Yet this has been lost in the controversy around how many people in the country are living with HIV.

The survey measures the HIV infection rate among 16 061 pregnant women seeking care in the public sector.

This week critics and journalists have been caught up in trying to understand why Government is stating that between 6,29-million and 6,57-million South Africans are living with HIV or AIDS, significantly more than the 4,5-million number provided by Stats SA or other numbers coming from other sources.

Aids experts in the know seem to agree on about 5-million.
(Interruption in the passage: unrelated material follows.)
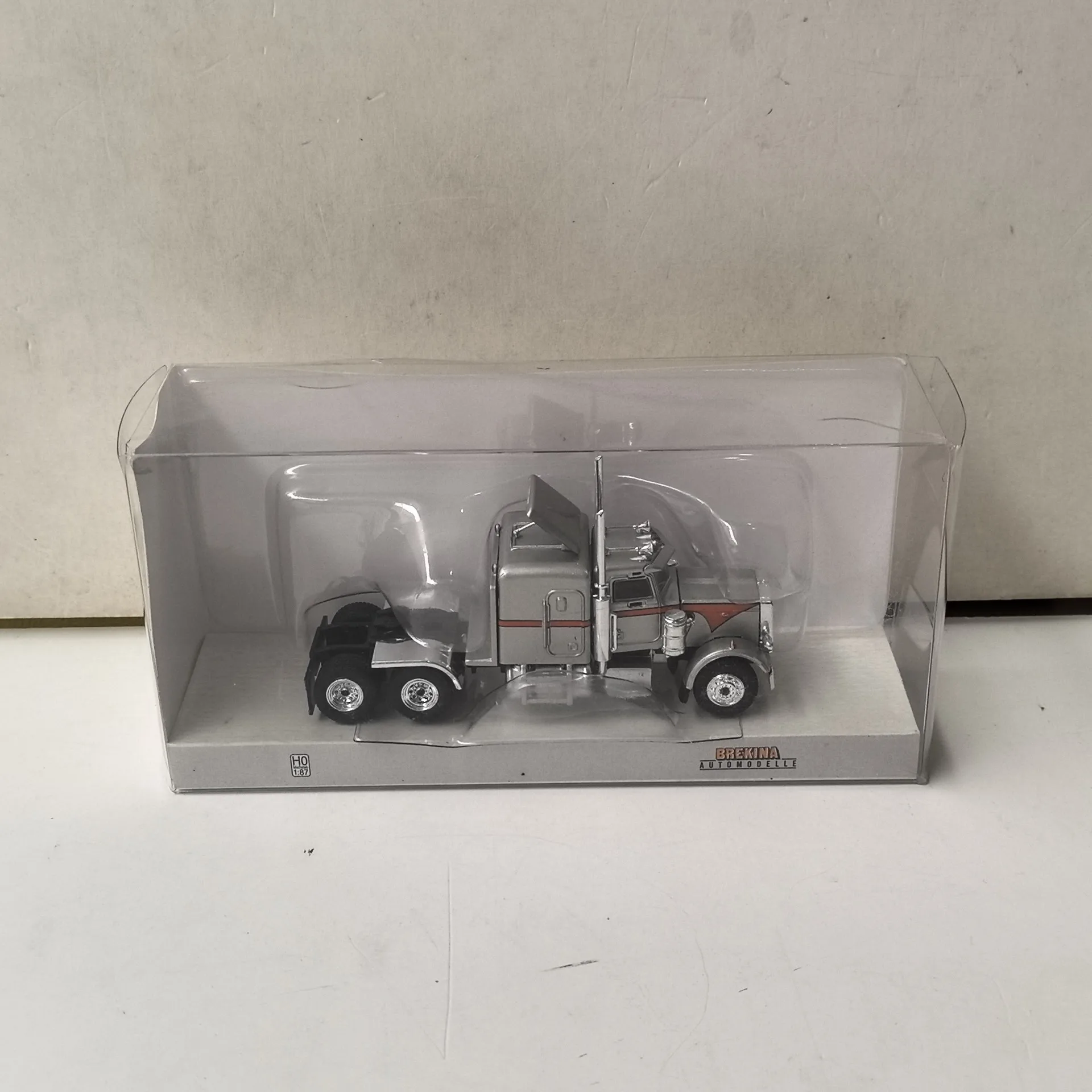 Imagine having this highly detailed 1:87 scale Peterbilt 359 truck model, perfect for your collection or as a gift for a truck enthusiast. Crafted from durable plastic, this model boasts a vintage design featuring a shiny silver finish, realistic details like side mirrors, exhaust pipes, and detailed wheel rims. The elongated hood, classic cab style, and additional roof elements capture the true essence of the iconic Peterbilt 359. Its compact size makes it ideal for display on shelves, desks, or as part of a miniature collection. Whether you're a collector or gifting someone special, this model adds authenticity and style to any space, creating a conversation starter and collection centerpiece.

Although the differences between the various estimates are astonishing, the discrepancies are due to different methodologies and data, and since there is no gold standard for HIV estimate calculations such varying estimates will continue to be produced.

Role-players have grown accustomed to the controversy that seems to erupt every time Government and more specifically our National Department of Health is involved in HIV/AIDS matters.

The survey, which has been kept under lock and key by Government for several months, is the only reliable annual data this country has at the moment.

But the real story here lies in the trends revealed in the new data which shows that overall the South African HIV/AIDS epidemic continues to grow, though than at a slower pace than in the 1990s.

Contrary to earlier claims, HIV prevalence among young South African women has not fallen.

Dr Lilian Dudley, Chief Executive Director of the Health Systems Trust’€™s immediate concerns is the continuing increase in prevalence in younger women.

This survey tells us that nearly 40% of young, pregnant women between 25 and 29 years are infected, while women in their early twenties and early thirties show a rates of around 30%. Older women and importantly teenagers have prevalence rates of below 20%, but it is still unacceptably high.

More specifically the survey shows us that over 16% of teenage, expectant mothers were HIV positive.

Dr Lilian Dudley, Chief Executive Director of the Health Systems Trust points out that the immediate concern is the continuing increase in prevalence in younger women.

When you start to dissect these numbers according to age the picture becomes even more concerning as each group from 15 to 24 shows a year-on-year increase. One in 10 15-year-olds were HIV positive, but by 24, over one in three women were HIV positive.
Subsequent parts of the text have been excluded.